=== Begin Enclosure ===

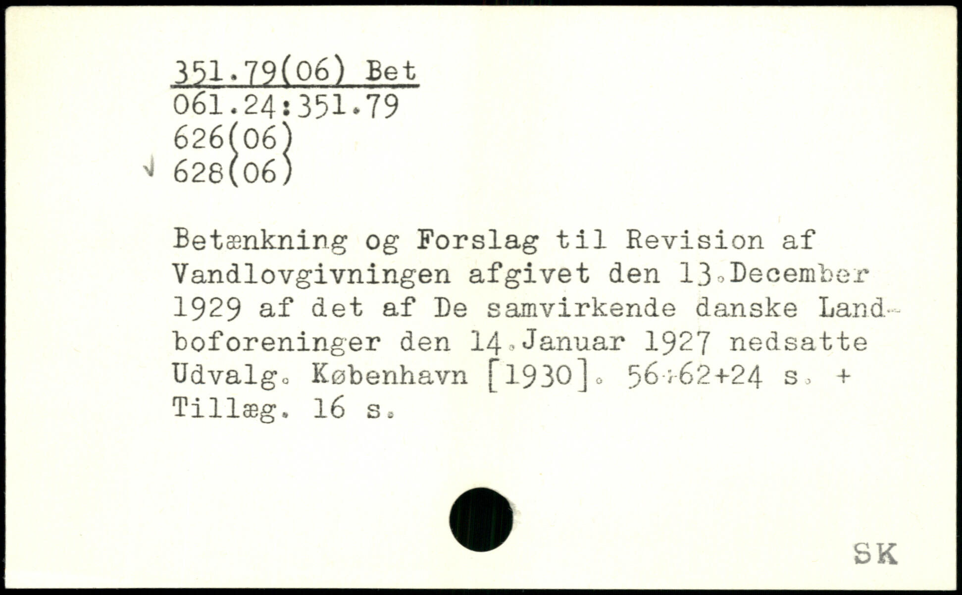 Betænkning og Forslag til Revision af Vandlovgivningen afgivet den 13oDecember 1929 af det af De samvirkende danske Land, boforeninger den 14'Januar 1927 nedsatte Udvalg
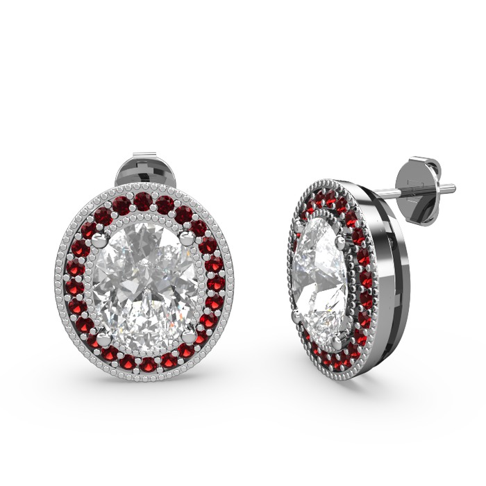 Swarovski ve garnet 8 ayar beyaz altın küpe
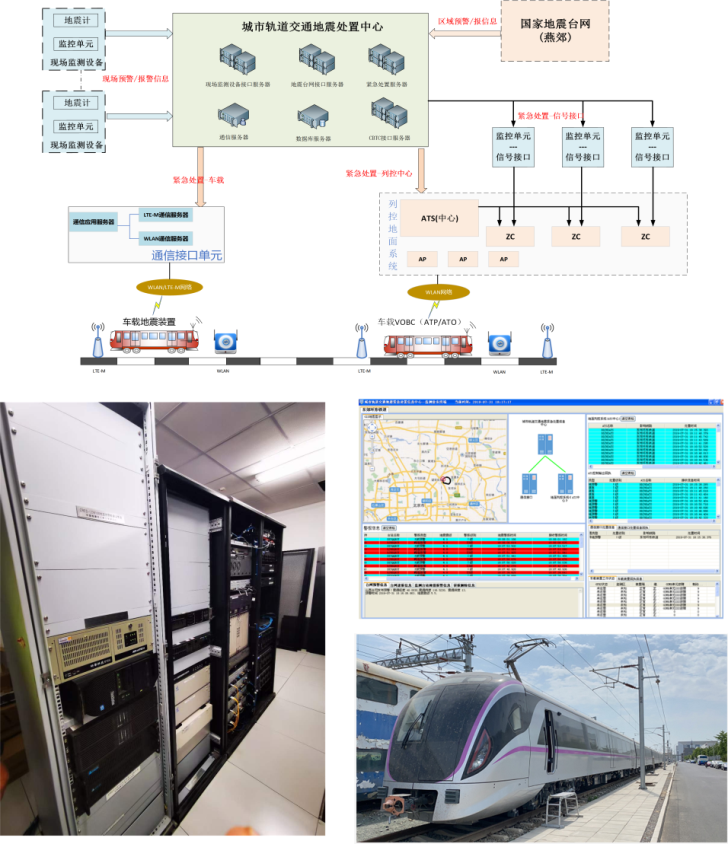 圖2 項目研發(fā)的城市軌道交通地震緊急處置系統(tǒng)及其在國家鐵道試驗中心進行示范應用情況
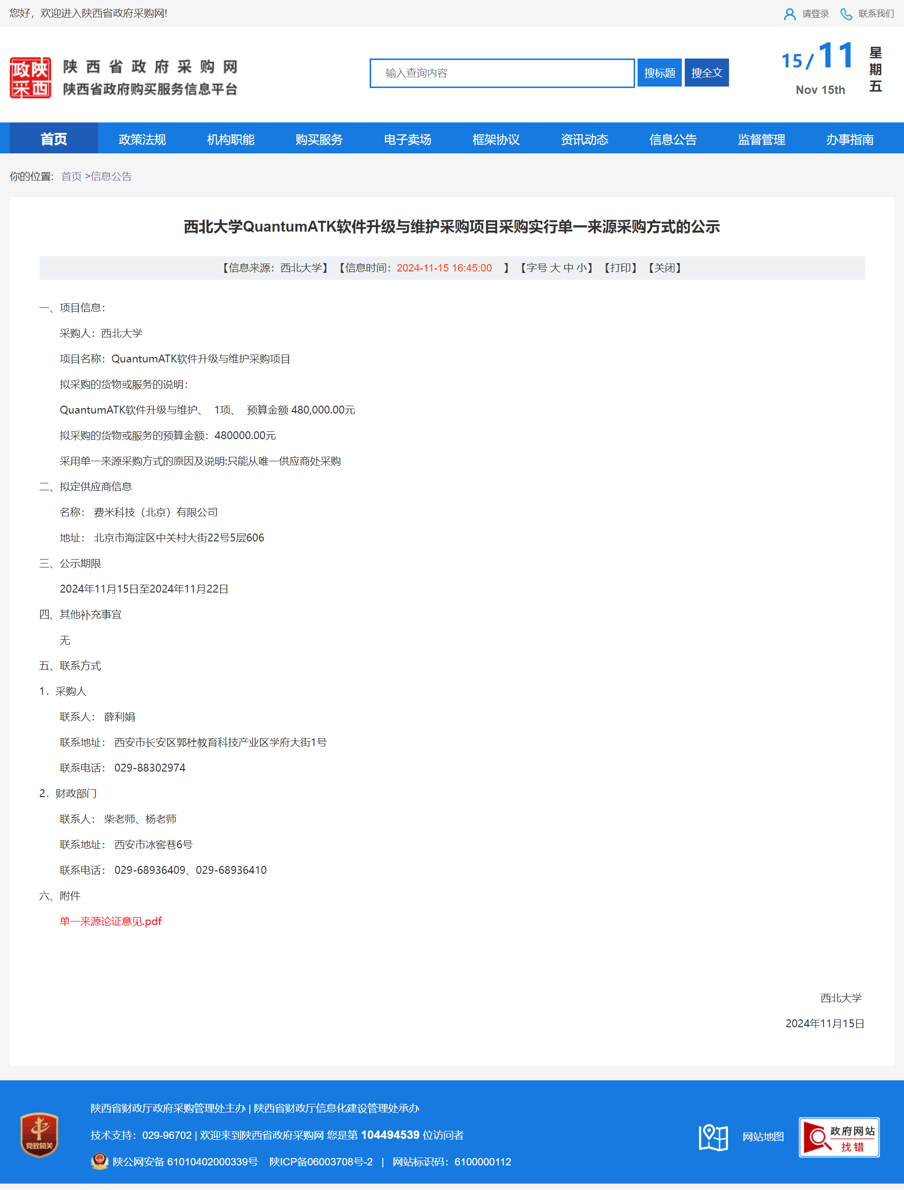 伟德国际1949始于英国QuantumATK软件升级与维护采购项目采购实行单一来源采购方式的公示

=== End Enclosure ===

_EXERCISE BRIEF_: Write the material above out again exactly as it reads, but don't carry over the pictures.

_ANSWER SECTION_:
 Betænkning og Forslag til Revision af Vandlovgivningen afgivet den 13oDecember 1929 af det af De samvirkende danske Land, boforeninger den 14'Januar 1927 nedsatte Udvalg
 Swarovski ve garnet 8 ayar beyaz altın küpe
 圖2 項目研發(fā)的城市軌道交通地震緊急處置系統(tǒng)及其在國家鐵道試驗中心進行示范應用情況
 伟德国际1949始于英国QuantumATK软件升级与维护采购项目采购实行单一来源采购方式的公示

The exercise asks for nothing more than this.